The last one hangs at the top of my window. Its brown and dead now. The shape is perfect though. I had 5 of them. One by one, they never made it through all the moves and packing's of my life. Yet one made it through.
I am not sure how. Pure stubbornness of my grandmother I am sure. It came from her garden. From the bush at the front side of the house.
She used to lean over the porch and watch it. She would direct me where to pinch and where to cut. The love in her voice made it a wonderful activity. Pinch there honey, and cut that off. That Queen of the Hydrangea's will be bigger next year.

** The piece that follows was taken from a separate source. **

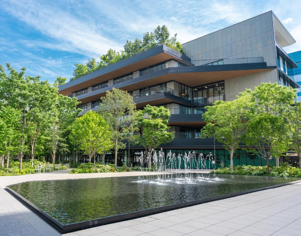 約39,000㎡の敷地に、商業・オフィス・美術館・保育園・ホテル・多目的ホールなどが集結。立川の歴史と未来、そして緑と水が交差する空間として、X型の街路となった中央広場には、ビオトープや噴水、芝生広場などが配置され、心地よい親水空間を形成しています。水が流れる全長120mの階段式のカスケードは、夏の水遊び場として子どもたちに大人気です。
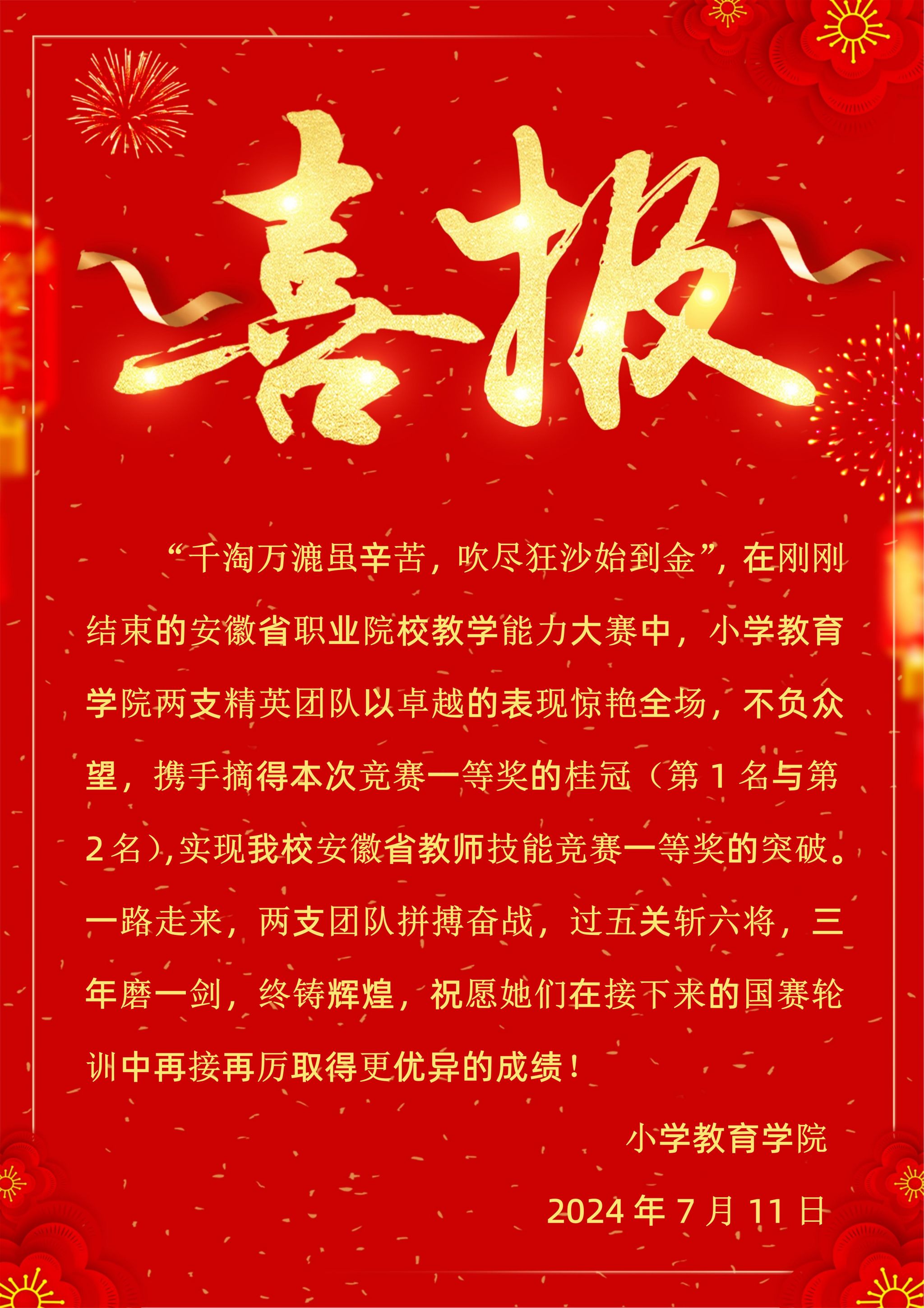 下一条:安徽省教学技能大赛再传捷报:我校小学教育学院两支团队双双荣获一等奖,取得历史新突破

I couldn't imagine that it could be bigger than it already was, yet it showed me it could. I went down to my grandmothers every weekend. We would marvel at her green thumb, yet it was me who did all the touching and work. It's as if she sang to them at night, from the porch, and that was all the nourishment they all needed.
And the hydrangeas were the queens of it all. Towering and massive. We used to take pictures of the blossoms in our hands, laughing and smiling at how majestic they were. They were as big as your head,
she would say!
Today, for the first time since she has passed away, I have taken pictures of my own little bush. My own little hydrangea. The first I have dared grow on my own.
Today, I held them in my hands and thought of nothing but her. Looking up at my own porch wishing she was standing there with her black hair and wrinkled skin. That pink flower shirt she loved and those
dark rimmed glasses.
I walked in and looked at the dried fragile hydrangea pinned to the curtain on my window. It was the last one I picked before she died. I had a bouquet of them. That was the last. Today, I saw her face on my porch. I felt her love in my hands.
I laughed...they were as big as my head!